Reading story books at bedtime is one thing, but raising your kids to be decent human beings is quite another.
Before I can spin circles around myself with what ifs and maybes, voices reach me from the hallway.
My heart thuds inside my chest. It’s Remy, I remind myself.
The woman I fell for when I saw her getting accosted on the casino floor.
The woman whose body I could recreate with my eyes closed. The woman who is carrying our babies.
So, why am I acting like a teenager rocking up on a first date?
Then, Remy is standing in front of me wearing a sapphire-blue dress that looks as if it has been poured over her, accentuating the swell of her breasts and hips, and turning her gray eyes to the color of the ocean on a summer’s day. Her hair is draped over her shoulders in soft honey-blonde waves.
She smiles at me tentatively as Sienna and Victoria stand back.
“Is it too much?” she asks. “I can change into something a bit more casual.”
“No.” I shake my head without fully comprehending what I’m saying no to. “It’s… You look perfect.”
She lowers her gaze, and I sense the doubts creeping in.
I go to her and take her hand. “Remy, you don’t need me to tell you this, but I’m going to say it anyway. You’re beautiful. You could wear a sack, and you would still be the most beautiful woman I’ve ever seen.”
“We already told her this,” Victoria says from somewhere close behind.
“What are you worried about? Talk to me.”
She licks her lips and swallows. “That people will know I’m a fraud.”
“I told her that she’s looking at the biggest fraud right here,” Victoria adds. “Fake fiancée. Fake bride-to-be. But none of it matters.”
“No one could ever mistake you for a fraud.” I squeeze her hand. “Because you’re true to yourself.”

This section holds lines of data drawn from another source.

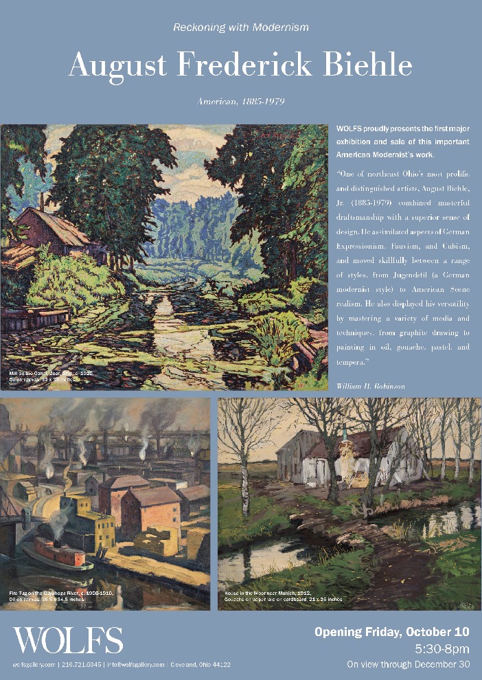 “One of northeast Ohio’s most prolific and distinguished artists, August Biehle, Jr. (1885-1979) combined masterful draftsmanship with a superior sense of design. He assimilated aspects of German Expressionism, Fauvism, and Cubism, and moved skillfully between a range of styles, from Jugendstil (a German modernist style) to American Scene realism. He also displayed his versatility by mastering a variety of media and techniques, from graphite drawing to painting in oil, gouache, pastel, and tempera.”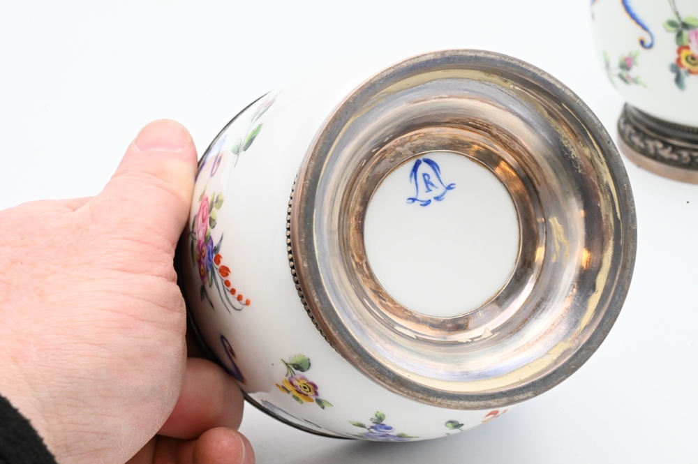 Pair of Sevres Cache Pots, height 3 3/4 inches, diameter 4 inches.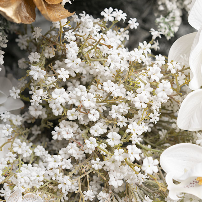 Gypsophilia, popularly known as the babys breath flower, is a bushy plant with branching habit bearing dainty small flowers on a slender stem. Baby's Breath is a tender and delicate annual. Gypsophilia is a popular flower to accent bouquets, corsages and flower vases, especially as dried flower., besides being a popular flower in the home garden as well.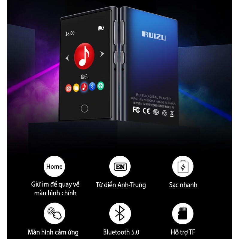 [HÀNG CHÍNH HÃNG] MÁY NGHE NHẠC XEM PHIM MÀN HÌNH CẢM ỨNG BLUETOOTH RUIZU M2 BỘ NHỚ TRONG 8GB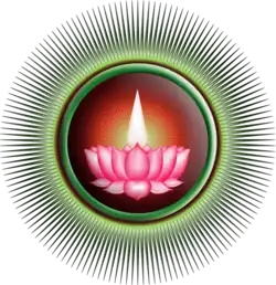 The symbol of Ayyavazhi is a lotus carrying a flame-shaped white Namam.[68] The lotus represents the 1,008-petalled Sahasrara (in Tamil, Ladam), while the Namam represents the Aanma Jyothi or atman.[68] Both of the Ayyavazhi scriptures[69][70] refer to Thirunamam (the "flame-shaped symbol" present in the top of the Lotus in the Ayyavazhi symbol), but not to the lotus directly. The symbol is the ideological summary of Akilam-based philosophy. This symbol has been in use since the mid-20th century.[71]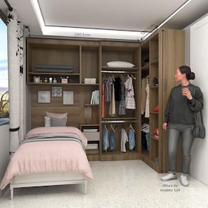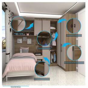 Informações Complementares: Dobradiças reforçadas. 1 Porta Basculante com abertura auxiliada por Pistão à Gás. Guarda Roupa de Canto necessita de recuo para montagem. Verifique a planta baixa. Alguns módulos podem ser montados com abertura para o lado Direito ou Esquerdo. Consulte o manual de montagem.

I touch her left breast right above her heart and realize that I now have to adjust my pants. Her nipples harden through the soft fabric, and I can’t resist. I brush one with my knuckle, and her lips part.
“Is that a chat-up line?” Remy murmurs.
“Did it work?”
“Okay, time for us to leave.” Sienna sidesteps around us and winks at Remy as she heads toward the elevator.
Victoria retreats discreetly to her daughter’s bedroom.
“We could always postpone the Titan.” I pull Remy against me.
She smiles. “Save it for later, Mr. Bigshot. If we’re doing this, I want to know everything there is to know about you.”
“Everything, huh? Could take some time.”
“I’m not in any hurry.” Remy slides her hand into mine, and nothing has ever felt more natural.